**What is needed:** Using the data below, set down every line from the one containing "יצירות אלה, שעובדו" through the one containing "Shrimp, Water, Salt, Sugar, Citric", inclusive and unchanged. Pictures are to be skipped.
━━━━━━━━━━━━━━━━━━━━━━━━━━━━━━
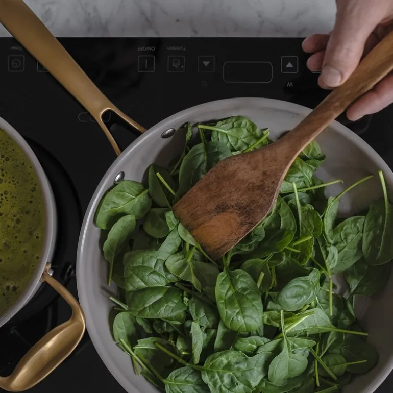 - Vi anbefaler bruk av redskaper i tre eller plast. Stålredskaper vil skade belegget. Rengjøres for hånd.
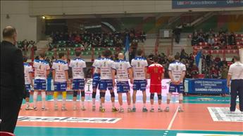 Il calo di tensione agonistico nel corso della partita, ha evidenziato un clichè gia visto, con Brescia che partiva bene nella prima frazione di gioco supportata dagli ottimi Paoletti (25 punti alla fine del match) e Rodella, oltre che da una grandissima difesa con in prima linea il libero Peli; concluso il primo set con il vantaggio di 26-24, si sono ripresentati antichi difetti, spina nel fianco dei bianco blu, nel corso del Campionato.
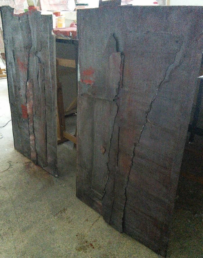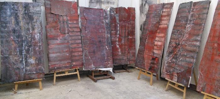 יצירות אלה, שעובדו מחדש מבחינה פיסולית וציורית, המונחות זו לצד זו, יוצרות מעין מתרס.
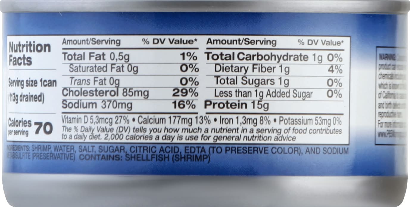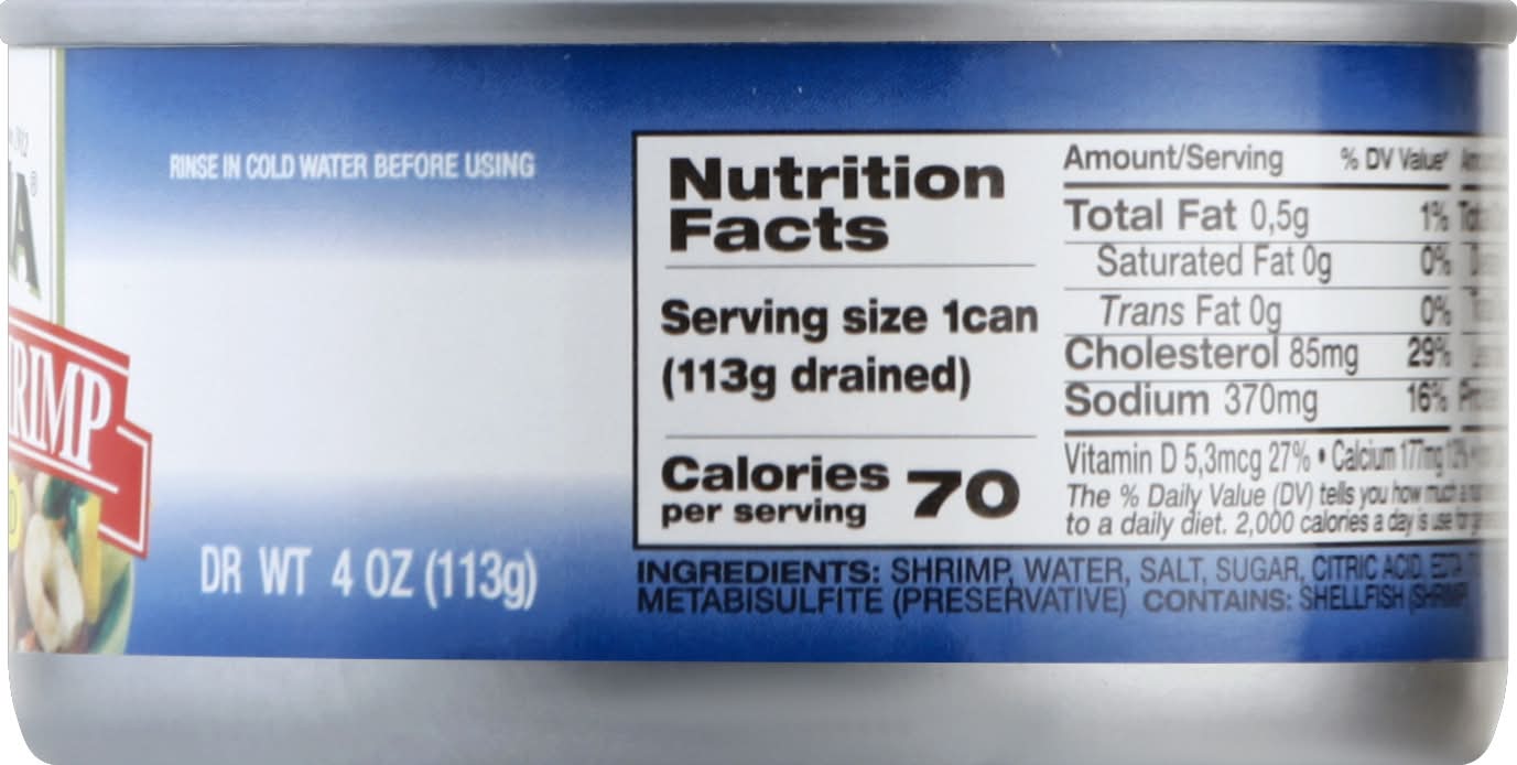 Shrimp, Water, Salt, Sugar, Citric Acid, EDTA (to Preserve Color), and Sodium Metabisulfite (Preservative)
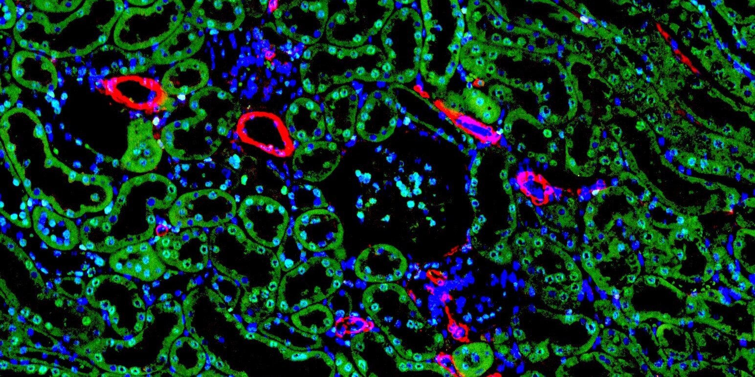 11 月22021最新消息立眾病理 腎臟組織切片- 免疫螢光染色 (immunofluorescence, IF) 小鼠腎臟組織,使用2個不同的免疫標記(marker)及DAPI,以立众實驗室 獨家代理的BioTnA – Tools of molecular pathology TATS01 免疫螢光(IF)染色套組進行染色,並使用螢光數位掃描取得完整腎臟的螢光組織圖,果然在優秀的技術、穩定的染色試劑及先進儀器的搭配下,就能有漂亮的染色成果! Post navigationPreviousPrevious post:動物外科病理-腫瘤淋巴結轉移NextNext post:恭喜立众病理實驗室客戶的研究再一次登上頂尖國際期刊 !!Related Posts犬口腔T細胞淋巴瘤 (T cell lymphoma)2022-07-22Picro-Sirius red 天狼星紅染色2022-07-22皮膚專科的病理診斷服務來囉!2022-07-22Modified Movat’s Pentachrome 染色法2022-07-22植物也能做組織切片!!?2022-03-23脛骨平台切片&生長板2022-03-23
━━━━━━━━━━━━━━━━━━━━━━━━━━━━━━
**Solution:**
 יצירות אלה, שעובדו מחדש מבחינה פיסולית וציורית, המונחות זו לצד זו, יוצרות מעין מתרס.
 Shrimp, Water, Salt, Sugar, Citric Acid, EDTA (to Preserve Color), and Sodium Metabisulfite (Preservative)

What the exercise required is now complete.